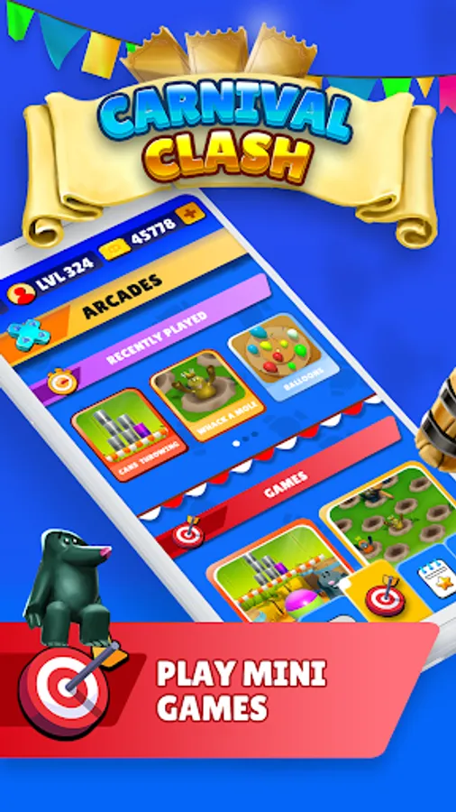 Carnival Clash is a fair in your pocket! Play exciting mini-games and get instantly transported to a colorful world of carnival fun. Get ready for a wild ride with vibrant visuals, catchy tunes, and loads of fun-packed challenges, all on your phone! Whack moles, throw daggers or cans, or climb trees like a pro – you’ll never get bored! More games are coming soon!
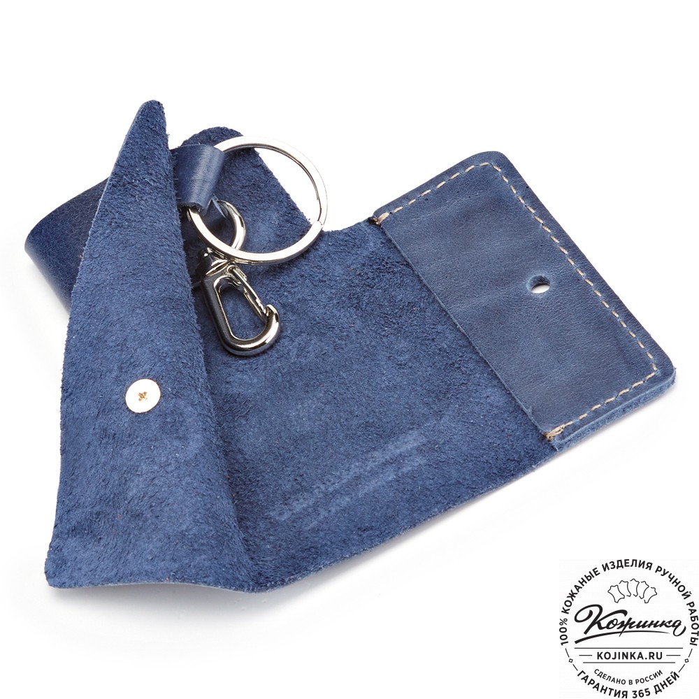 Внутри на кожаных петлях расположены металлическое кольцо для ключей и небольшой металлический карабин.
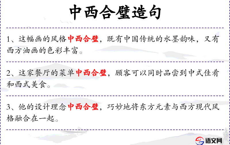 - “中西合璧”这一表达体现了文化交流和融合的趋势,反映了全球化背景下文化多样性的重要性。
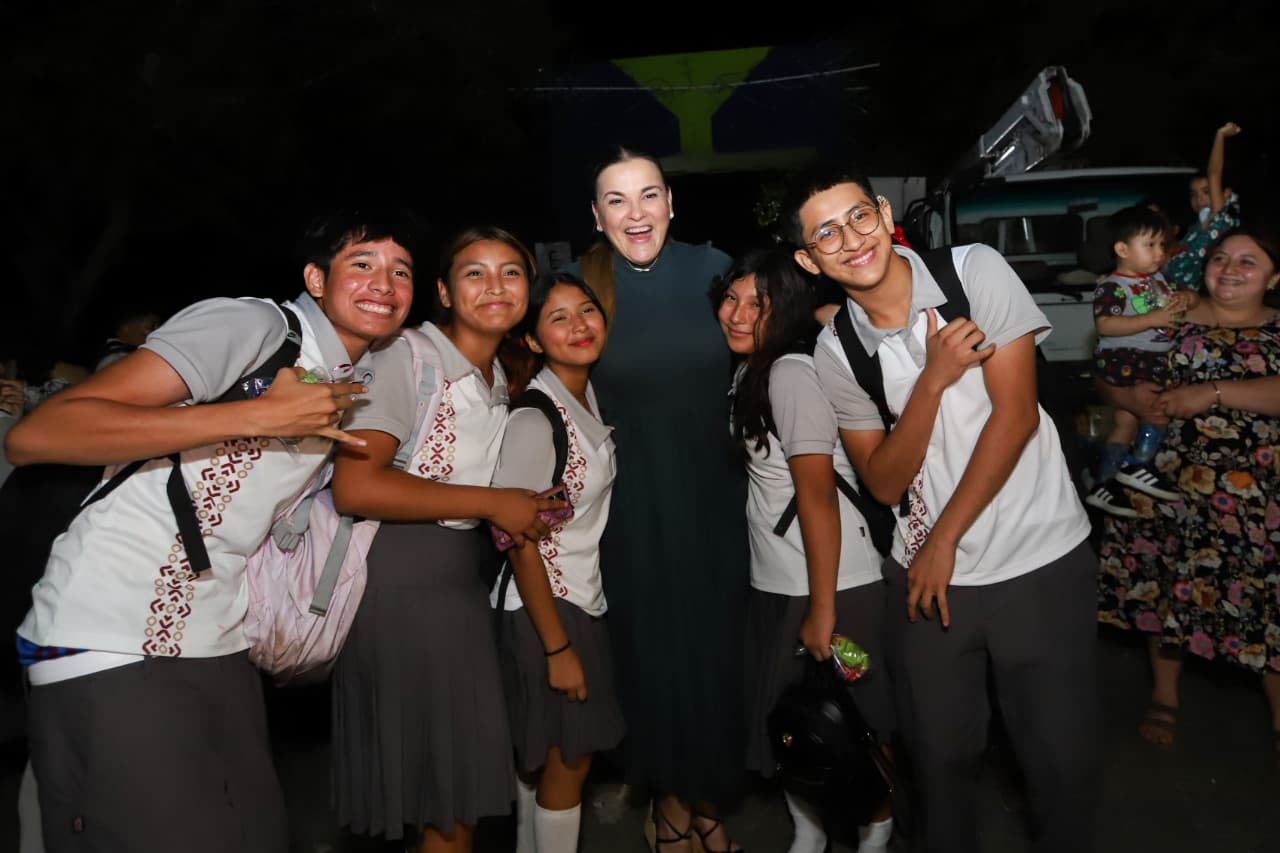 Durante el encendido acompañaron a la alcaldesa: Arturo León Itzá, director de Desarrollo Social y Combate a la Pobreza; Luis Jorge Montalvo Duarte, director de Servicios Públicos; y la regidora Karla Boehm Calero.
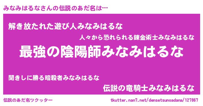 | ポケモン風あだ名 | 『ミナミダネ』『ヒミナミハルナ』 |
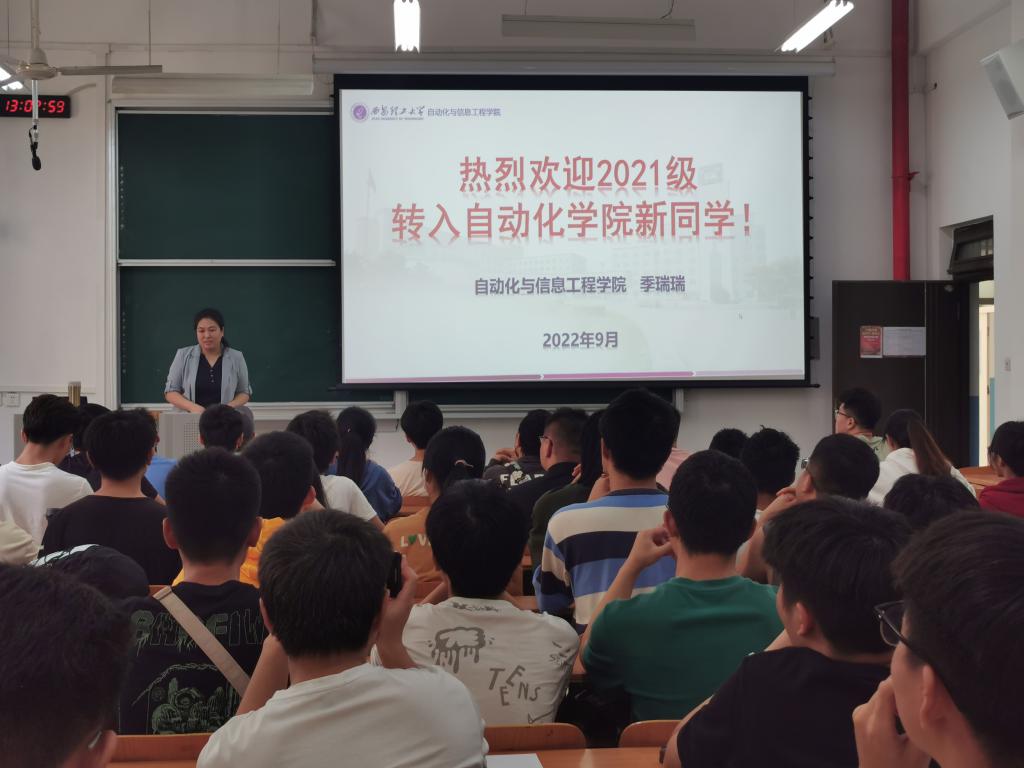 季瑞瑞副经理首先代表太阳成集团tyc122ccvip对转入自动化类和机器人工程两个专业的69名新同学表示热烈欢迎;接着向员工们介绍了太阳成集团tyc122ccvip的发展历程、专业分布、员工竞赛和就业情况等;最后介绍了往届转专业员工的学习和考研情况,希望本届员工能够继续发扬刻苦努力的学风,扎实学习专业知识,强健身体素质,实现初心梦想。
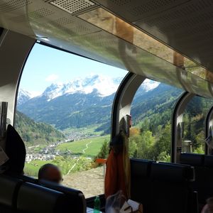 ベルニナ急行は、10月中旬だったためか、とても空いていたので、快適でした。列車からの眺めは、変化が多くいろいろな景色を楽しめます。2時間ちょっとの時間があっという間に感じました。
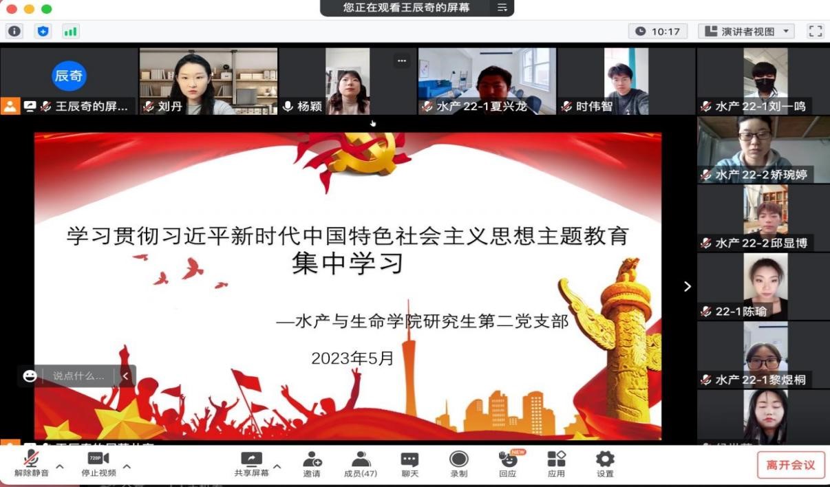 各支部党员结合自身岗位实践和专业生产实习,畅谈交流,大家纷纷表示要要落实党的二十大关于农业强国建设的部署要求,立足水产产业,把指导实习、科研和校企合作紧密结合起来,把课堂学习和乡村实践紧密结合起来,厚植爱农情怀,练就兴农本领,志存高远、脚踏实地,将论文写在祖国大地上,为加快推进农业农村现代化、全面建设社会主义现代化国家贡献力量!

# What you have to do
Without the pictures, give again exactly the lines above starting at the line containing "Durante el encendido" and ending at the line containing "ポケモン風あだ名 | 『ミナミダネ』『ヒミナミハルナ』 |".

# Exercise answer
 Durante el encendido acompañaron a la alcaldesa: Arturo León Itzá, director de Desarrollo Social y Combate a la Pobreza; Luis Jorge Montalvo Duarte, director de Servicios Públicos; y la regidora Karla Boehm Calero.
 | ポケモン風あだ名 | 『ミナミダネ』『ヒミナミハルナ』 |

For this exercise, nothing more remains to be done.